A prospective cohort study of 50 1-2 level ACDF patients with a 5 year follow up period, commenced in 2017. The study will evaluate the clinical and radiological outcomes of ACDF surgery, with post-operative follow-ups at 6 weeks, 3, 6 and 9 months, then annually for 5 years. Clinical measurements include the assessment of pain (VAS), disability (NDI), general health (SF36), and surgical data. X-rays at each follow-up and a 12 month CT scan will be used for radiological assessments including the evaluation of fusion, cage subsidence/complication, global cervical angle, and Adjacent Segments Disease.
Porous titanium cages have shown promising initial results in ACDF patients.
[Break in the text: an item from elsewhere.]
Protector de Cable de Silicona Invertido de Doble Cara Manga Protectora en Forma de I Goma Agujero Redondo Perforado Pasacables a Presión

This study will enable further evaluation of these cages by providing comprehensive long term results on the clinical/radiological outcomes of ACDF patients. Additionally, analysis of this cohort to historical controls that have used alternative cage/plate combinations will contribute towards the development of a gold standard ACDF technique
DOI: 10.21307/ajon-2017-012t
The creation and evolution of a nurse led first seizure clinic. Up to 10% (Angus-Leppan, 2014, pp. 27-31) of the population will have a seizure during their lives. Between 35 and 70% (Angus-Leppan, 2014) of those will have further seizures. In a pilot study done at Waikato hospital, 41% of those presenting to a new, nurse led, first seizure clinic (NLFSC) were thought to have had an event clearly identified as a seizure.
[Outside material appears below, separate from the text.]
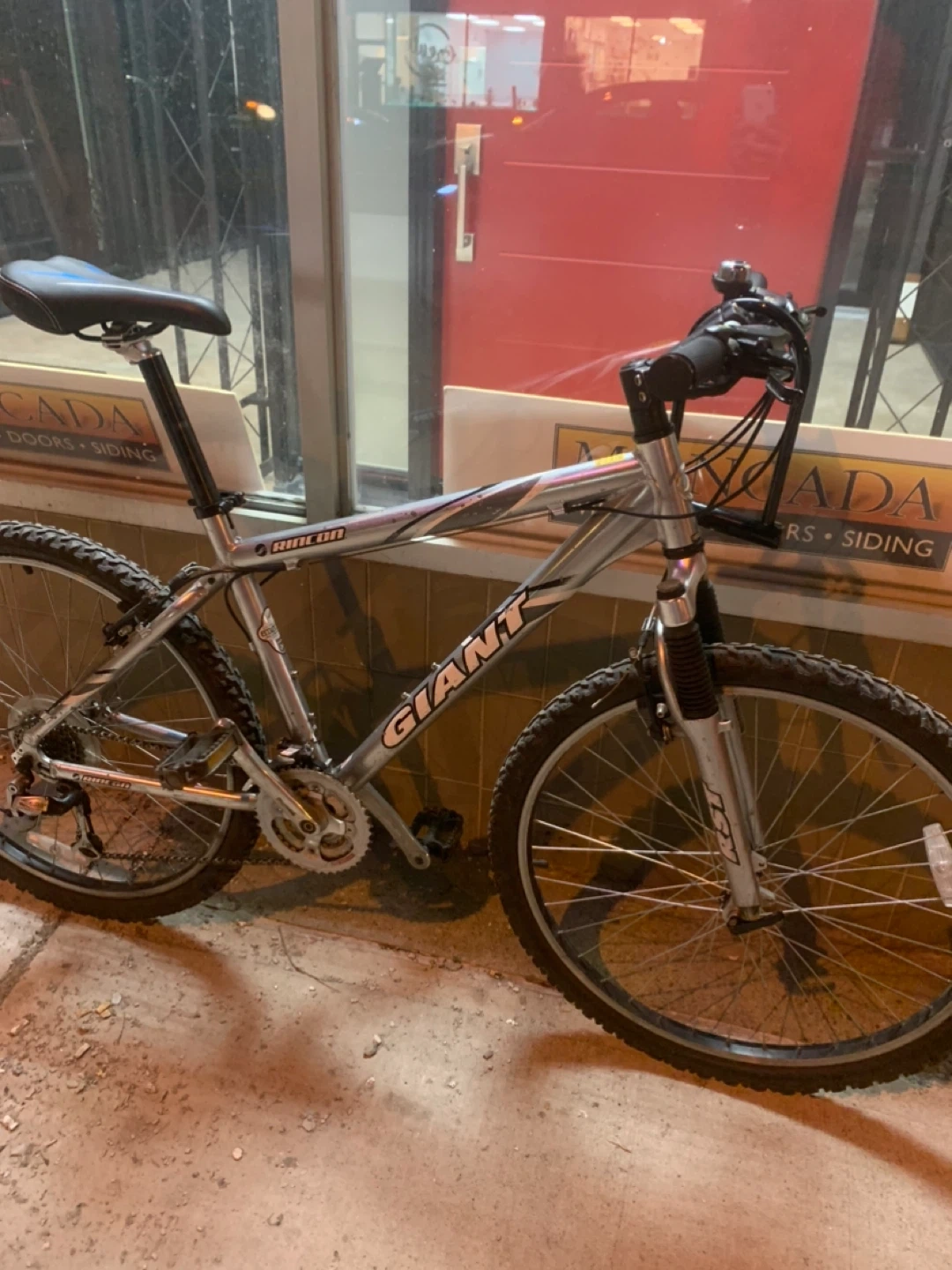 This is a silver Giant mountain bike with front suspension. It has disc brakes and a Shimano gear system. It's ready for your next adventure!

The pilot study was set up with the aim of creating a permanent NLFSC. It was felt that this clinic would allow patients to be seen more timeously, triaged, investigated and then followed up where appropriate. A first seizure questionnaire was developed, in consultation with specialist neurologists. Data from the questionnaire was captured into a database for analysis
Two groups were identified as potential referrers to the clinic, GPs and the emergency department. Education sessions were held and a new referral form was developed and distributed. Questionnaires were completed by a nurse and discussed with a neurologist. Most patients had an EEG at the time of the consultation. Where possible, the EEG was reported by the neurologist supervising the clinic and all patients were discussed with the neurologist. During that discussion a working diagnosis was put forward, follow up was planned, further investigations initiated and the critical issue of driving discussed. When 200 patients had been seen an audit was conducted. A decision was made to continue the clinics in a slightly modified manner using a lightly modified questionnaire.
This presentation is not about analysis of the data which will be published elsewhere. It is about the evolution and effectiveness of a nurse led clinic for this group of patients.